Fresh Efforts

The Food Bank and City High School team up to build a southside urban garden—and hopefully reduce obesity

Can an urban garden strengthen a southside neighborhood while helping some residents fit back into their skinny jeans?

That's what the Community Food Bank and a local school are setting out to do with a new garden on a stretch of land along the Santa Cruz River—and if it works, they'd like to start similar projects in neighborhoods across Pima County.

The land, located across the street from the county jail on Cottonwood Lane, is no stranger to cultivation. City High School has held gardening workshops there since 2006, and prior to that, it was part of an urban-gardening project called the Farmacy Garden. But this is the first time the land will be used to this scale—with the full backing of the Community Food Bank, which is making the project part of its ongoing effort to increase access to healthy food, while training a new generation of urban farmers.

The garden is a joint project of City High School and the Community Food Bank. Both of their names are on the lease, and both will cultivate crops while offering gardening and other educational workshops.

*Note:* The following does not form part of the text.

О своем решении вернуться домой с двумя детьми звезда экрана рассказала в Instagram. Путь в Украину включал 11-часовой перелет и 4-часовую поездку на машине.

There are seven acres in all, but about 2 1/2 are slated for the first planting. Shovel-wielding workers in big hats braved triple-digit heat there on a recent morning, doing the preliminary work that will culminate in a verdant garden in the coming months, if everything goes according to plan.

Leona Davis, education and advocacy coordinator for the Community Food Resource Center of the Community Food Bank, said officials insisted that the community have a say in how the garden is designed and operated, so they held meetings to see what would best serve the area.

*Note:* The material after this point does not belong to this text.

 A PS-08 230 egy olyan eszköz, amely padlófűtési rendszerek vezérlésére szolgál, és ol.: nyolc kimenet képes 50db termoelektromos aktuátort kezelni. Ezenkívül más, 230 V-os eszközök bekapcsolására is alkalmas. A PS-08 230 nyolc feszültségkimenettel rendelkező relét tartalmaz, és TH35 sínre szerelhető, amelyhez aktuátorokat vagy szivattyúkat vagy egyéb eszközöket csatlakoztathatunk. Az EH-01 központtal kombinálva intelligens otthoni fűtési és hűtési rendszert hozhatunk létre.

"What it's starting to look like is a lot of garden beds tended by neighbors and other community members, some shade structures for classes and workshops, and—one thing we've heard a lot of people mention—a playground," said Davis.

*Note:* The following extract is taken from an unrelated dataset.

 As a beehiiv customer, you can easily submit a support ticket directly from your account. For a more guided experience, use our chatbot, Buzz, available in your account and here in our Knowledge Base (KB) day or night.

For now, Food Bank employees and youth apprentices are clearing dead trees, digging garden beds, shaping water-harvesting earthworks and otherwise sprucing up the area. When that's done, they'll get started erecting the tool shed, a toilet and shade structures.

"That feels like plenty for the moment," said Davis.

Davis said the Community Food Bank will use the garden to train young urban farmers through the Youth Farm Project Apprenticeship Program. A similar program has been held at the Food Bank's 10-acre Marana Heritage Farm for years, growing in popularity each season.

The program has already produced numerous teenagers who bring the basics of running small-scale production farms back to their communities. Offering the program within the city limits will help push the message about the value of local vegetable production deeper into the urban landscape.

"These programs teach everything from producing the vegetables to harvesting and selling them, every part of the process," said Davis. "We've been bringing volunteers out to Marana for so long, when there's an obvious need for these fresh fruits and vegetables in Tucson neighborhoods."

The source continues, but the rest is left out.